Чижов, известный всему институту по прозвищу „Свистуня“, уже был наготове. Он занял трибуну.
— Товарищи! Можно ли подумать…
Он поражен открытием, он считал себя добрым товарищем Шлихмана Левы, никак не может опомниться…
Вячеслав повернулся и, понурившись, побрел обратно.
Собрание затянулось, и на двенадцатом ораторе после Ивана Мыша Гоша Сокольский поставил на голосование — подвести черту.
— Я требую слова! — снова поднялся Вячеслав.
Гоша Сокольский — человек строгих правил: каждый имеет право требовать, и если собрание разрешит… Он поставил на голосование — дать слово или отказать?
Все были утомлены, все рвались домой, но велика сила любопытства: Чернышев рвется в бой, значит, держит камень за пазухой, значит, ударит… Большинство проголосовало дать слово и подвести черту.
11
Чеканя по паркету шаги, с напряженно заострившимся лицом Вячеслав пробежал по залу, взлетел на трибуну.
— Безобидная птица попугай… — начал он. — Но когда попугай выступает в облике человека — он страшен. Двенадцать ораторов выступили после Ивана Мыша, двенадцать человек, как попугаи, повторили за ним его ложь. Не задумываясь, не оглядываясь, не понимая, что втаптывают в грязь человека — пусть тонет, пускает пузыри…

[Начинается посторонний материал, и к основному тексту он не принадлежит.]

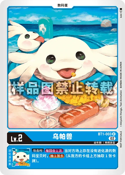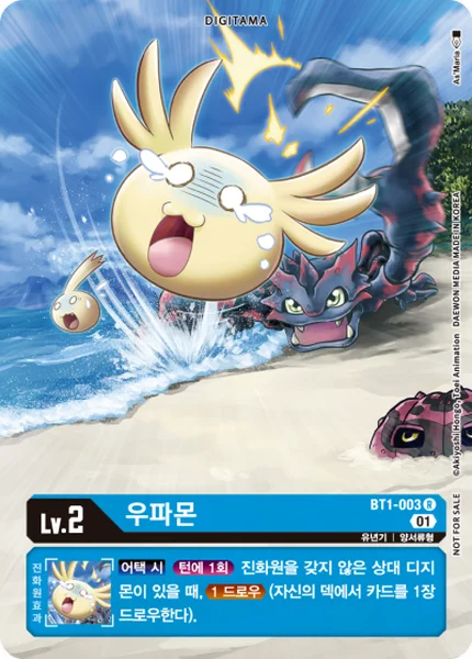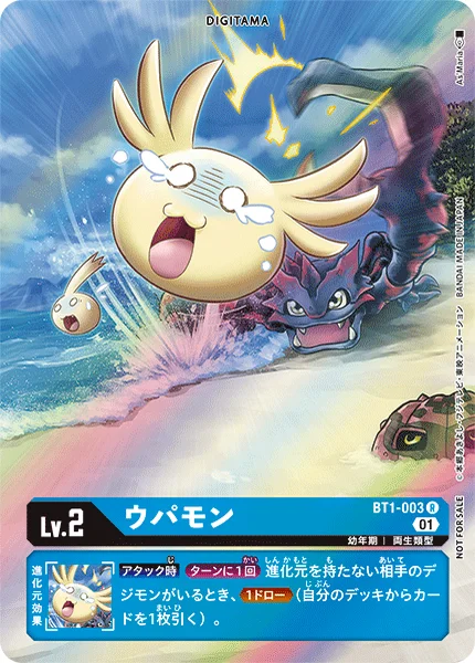 When AttackingOnce Per Turn If your opponent has a Digimon with no digivolution cards in play, trigger Draw 1. (Draw 1 card from your deck.)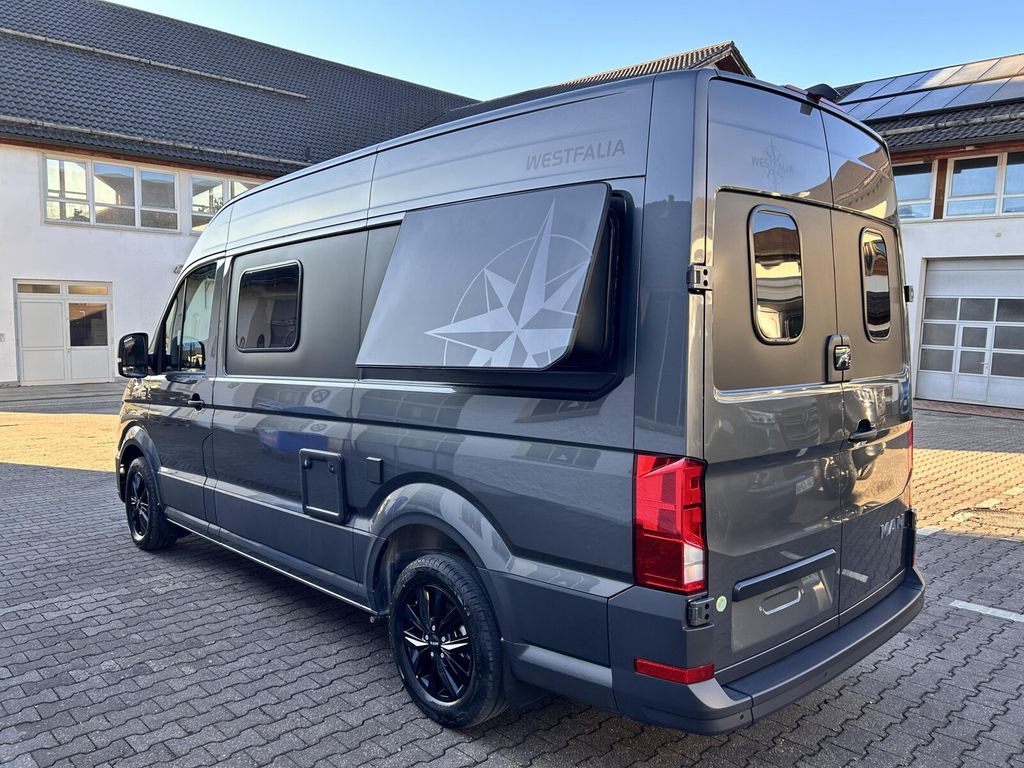 - Westfalia Sven Hedin NEW EDITION Modell 2025 Ausstattungsinhalte (Westfalia SVEN HEDIN NEW EDITION2.0 l EU6 SCR, 120 kW (163 PS), 8-Gang-Automatikgetriebe-> Westfalia Komfortpaket-> Vorbereitung für Anhängevorrichtung-> Schmutzfänger vorn und hinten-> Distanzregelung ACC bis 160 km/h für Automatikgetriebe-> Müdigkeitserkennung-> Spurhalteassistent ? Lane Assist?-> LED-Hauptscheinwerfer u. LED-Tagfahrlicht-> Licht- und Sichtpaket-> ParkPilot, im Front- und Heckbereich-> Beheizbare Scheibenwaschdüsen vorn und Wasserstandsanzeige-> Reifendruckkontrollanzeige (direkt messend)-> Lederlenkrad beheizbar-> Leichtmetallräder in schwarz 17-> großes Dachfenster im Wohnbereich-> Winterpaket-> Vorrüstung SAT und Solar-> Schwenktisch 400 mm-> Markise anthrazit-> 1 zusätzliche 70 Ah AGM Batterie-> Trittstufenbeleuchtung-> Verbundglas-Frontscheibe in Wärmeschutzverglasung, beheizbar-> Schiebetür, rechts, im Lade-/Fahrgastraum,mit Zwischenarretierung zur ÖffnungsbegrenzungSicherheits-Paket-Aktiv :- ACC Stop & Go- Außenspiegel, elektrisch einstell-,beheiz- und anklappbar- Ledermultifunktionslenkrad,beheizbar mit Tiptronic- Nebelscheinwerfer inkl. Abbiegelicht- Spurhalteassistent plus Stauassistent- Spurwechselassistent- Totwinkelwarnung beidseitig undAnfahrwarnungMAN Media VAN Business Paket inkl.Navigation :- MAN Media VAN Business Paket- MAN Connect (Rufdienste/ InVehicleApps / Navigation endgeräteabhängig),mit OCU high- MAN Media Van Navigation Business- Mit Sprachsteuerung- Navigationssystem (Baseline))

Затылки, затылки, нельзя отказать им во внимании. Но до чего бесстрастны эти затылки! Но Федор верит в Вячеслава — Вече умеет доказывать, редкий боец в студенческих спорах не падал под его ударами на обе лопатки. Давай, Вече, давай, друг! Вот где понадобилось твое мастерство спорщика — докажи всем!
— Милга арестован, — продолжает Вячеслав, — значит, он враг! Предположим на минуту, что Лев Шлихман знал об этом. Предположим, что он намеренно, с вражеским расчетом решил втянуть всех нас, в том числе и Слободко, в расставленные сети. Намеренно, сознательно!.. Обвинение чудовищное, за такое полагается наказание, как и Милге. Может, к этому и призывает Мыш — под конвой Шлихмана, в тюрьму его! А Иван Мыш жил со Шлихманом в одной комнате без малого четыре года, спал бок о бок, спорил, работал — всё вместе. До сих пор Иван Мыш и Шлихман были добрыми приятелями, у них не было секретов друг от друга. Иван Мыш знал и такую, казалось бы, незначительную деталь, что Шлихман познакомился впервые с Милгой за день, всего за один день до того, как все мы с ним познакомились. Пусть Иван Мыш ответит, что это не так, тогда можно провести расследование и его ложь станет очевидной. За один день стать вражеским сообщником? Смешно! Нелепо! Кто этому поверит? А если Шлихман не сообщник — намеренный и расчетливый, то его вина полностью равна моей вине, вине Слободко, Матёрина, вине самого Ивана Мыша. Иван Мыш тоже встречался с Милгой, знал о нем ровно столько, сколько знал Шлихман. До того, как словно гром с ясного неба не свалилось известие, что Милга арестован, ни Шлихману, ни Ивану Мышу и в голову не пришло бы назвать этого видного ученого врагом народа. В чем Шлихман виновнее Мыша?..
Затылки, затылки… Федор чувствует — все верят Вячеславу, уж слишком нелеп поклеп на Православного. Затылки, затылки, но они бесстрастно молчаливы.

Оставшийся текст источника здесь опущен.